If you liked Beryl Markham as a female aviatrix in general as well as her literary contribution in WWTN, may I take the liberty of highly recommending one TV mystery miniseries and one historical mystery novel series set in early Kenya/British East Africa which kind of have characters based upon her?

Heat of the Sun (PBS, Wikipedia) is an excellent ITV miniseries done in the late 90s, which has Trevor Eve in it starring as an ex-London cop who shoots an unsavoury but highly politically connected man in the line of duty and gets quietly reshuffled to 1930s Kenya colony as the new Nairobi Superintendent of Police to get rid of him.

Along the way, he ends up solving mysteries based partially on and incorporating characters from real-life British East Africa colonization history, including Karen Blixen's coffee farming efforts, the debauched denizens of that club whose name I can't remember which served the Happy Valley set, the post-Boer War tensions with the South African settlers, and of course Emma Fitzgerald, a feisty, self-made aviatrix who's directly based, looks and background and character-wise, on Markham who contributes a great deal towards the new Superintendent Tyburn's crime solving rate, along with his eventual Assistant Superintendent, who happens to be played by one of my favourite British actors.

It's one of my personal favourite series and it's been shown on PBS, so chances are good that if your local library carries DVDs, they'll have this since libraries tend to love having PBS stuff on shelf.

NB: If you're thinking possibly of buying a copy for yourself, I highly recommend importing the Region 2 UK release from ITV DVD if you've got a compatible player.

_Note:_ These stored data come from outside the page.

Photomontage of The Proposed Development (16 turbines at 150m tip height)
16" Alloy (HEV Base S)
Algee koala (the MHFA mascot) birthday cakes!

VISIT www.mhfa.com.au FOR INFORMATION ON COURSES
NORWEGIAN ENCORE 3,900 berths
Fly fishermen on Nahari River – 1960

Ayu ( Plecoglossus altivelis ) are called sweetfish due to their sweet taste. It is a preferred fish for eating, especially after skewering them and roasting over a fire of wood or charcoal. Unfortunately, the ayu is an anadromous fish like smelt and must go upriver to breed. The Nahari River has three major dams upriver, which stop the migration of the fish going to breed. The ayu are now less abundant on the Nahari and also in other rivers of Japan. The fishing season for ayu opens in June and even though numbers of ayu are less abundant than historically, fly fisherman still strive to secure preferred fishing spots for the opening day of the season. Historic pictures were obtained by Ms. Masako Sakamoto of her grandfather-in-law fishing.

It's pretty low cost and contains extra scenes that were edited down or cut out in order to make the series fit PBS Mystery! runtimes with the added introductions by Diana Rigg in them.

Incidentally, fun fact: Trevor Eve once played Denys Finch-Hatton in a made for TV miniseries biopic about Beryl Markham (IMDB), which I also happen to own on Region 2 import DVD.

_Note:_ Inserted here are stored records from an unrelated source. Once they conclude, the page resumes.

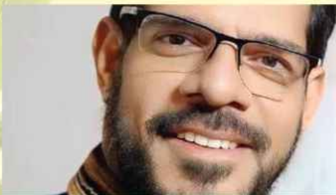
SIMHA (FILM FARE AWARD WINNER)

We look forward to your presence and participation in this joyous celebration!
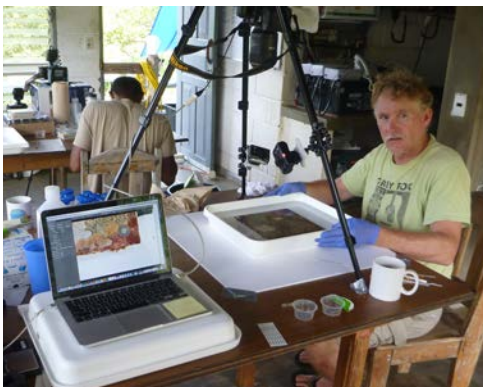
Camera connected to the computer
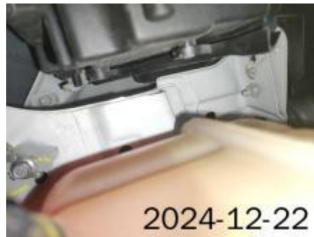
Right front wing inner structure
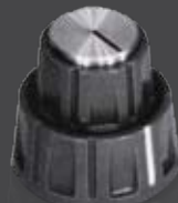
metal cap knob
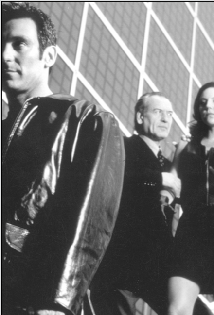
The Pretender on Star World at 11:00p.m.

8:30 Bollywood News 9:00 Baba Taranath (Biswajit, Sandhya Roy) 12:00 Geet Bahar 12:30 An Evening in Paris (Shammi Kapoor, Sharmila Tagore) 3:30 Bollywood News 4:00 Kartavya (Dharmendra, Rekha) 7:00 Geet Bahar 7:30 Mangal Masti- Lahu Ke Do Rang (Vinod Khanna, Shabana Azmi) 10:30 Bollywood News 11:00 Dilruba (Dev Anand, Rehana) 12:30 Dilruba
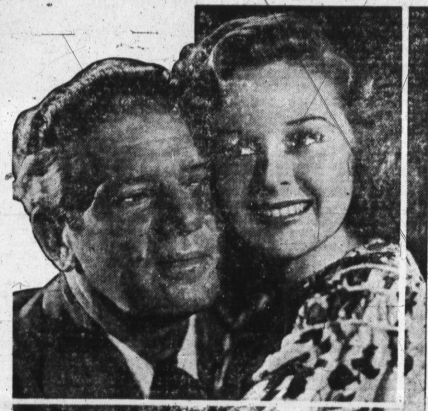
BOB BURNS AND SUSAN HAYWARD are slated to appear at the Star Theatre in the Saturday night preview and Sunday and Monday in "Our Leading Citizen." In this picture Burns pulls some strategic politics and has a few fist fights, with the ultimate result that he saves his home town from a political graft and gets the nomination for the Senate for himself.
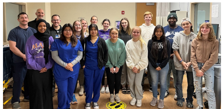
Students interested in Healthcare Careers also have the opportunity to attend SCRUB Club.

Career areas covered to date include Natural Resources Conservation Services, Real Estate, Health Sciences, Certified Public Accountants, Engineers, and Dental. Upcoming areas in January include Chiropractor and Mechanic/HVAC, Heavy Equipment, Central Farm Services, with more to follow.
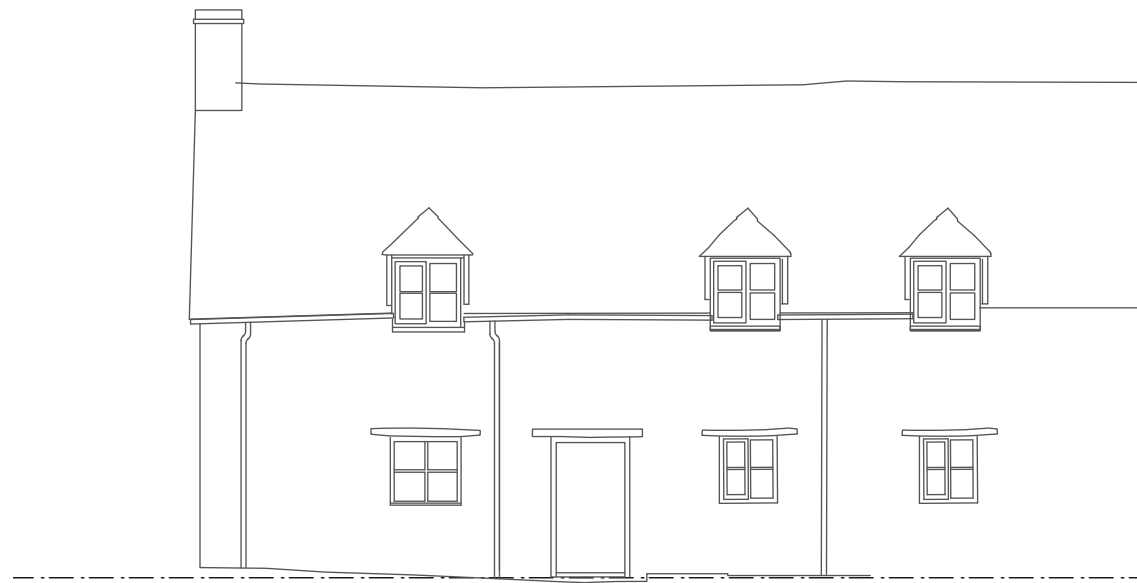
NORTH ELEVATION (street elevation)

NOTES: 1. This drawing and its design is the copyright of Cotswold Architects Ltd. and may not be reproduced in any form without their prior consent. 2. Do not scale off this drawing. 3. Dimensions to be checked on site.

Also in a more adventurously-oriented vein are Suzanne Arruda's (SYKM, Wikipedia) Jade del Cameron mystery series set in 1920s British East Africa Protectorate before it became Kenya.

Jade is a very independent and slightly commitment-phobic former WWI ambulance driver who eventually learns to fly, and while she does initially start off her cases being prodded by the loss of a former (heterosexual) love and discovering a new one along the way, there's very little relationship drama in these and Jade is much more likely to save a guy's hide than to be saved by him (although at certain points, there is reciprocal mutual saving going on), and she develops strong female friendships and ties as well.

I'll warn that sometimes these have a bit of a Mary Sue/White Saviour element going on in them, because Jade is occasionally written as the bestest brightest and most resourceful Especially Special Action Girl Who Can Action and Help Save The Locals From The Evil Things, but sometimes Jade's skills and connections get her into more trouble than they get her out of, and she has to stop and think and take time to work out a better solution to the problem than the one she thought she could use going in.

Also, while there is a lot of Jade Saves The Day For Both The Native And The Transplanted Proto-Kenyans (occasionally with Unfortunate Implications), Arruda did a lot of historical and cultural research which she put up on her blog here, and generally tries to treat the local cultures with respect.

The first 6 of these were published by Penguin's Berkley imprint and I bought the lot of them as they came out, and I thought the series had finished, but now that I look it turns out the author is self-publishing the new ones (on Amazon-exclusive, it looks like, alas, though I guess I'll just set price-drop alerts and hope some of these become the Kindle Big Deal Monthly Sale picks at some point).

I really liked this series back when they were still coming out and would count them as nearly as fun as the Ava Lee books, though not quite as good writing quality/plot-wise, but still highly enjoyable, so YMMV. (Unfortunately, they're rather price-y if you're trying them from the start as Penguin sets these at $13-ish CAD non-couponable, and you do have to read them in order, though perhaps the library can get them in for you if you're interested).

Last edited by ATDrake; 03-06-2015 at 09:46 PM.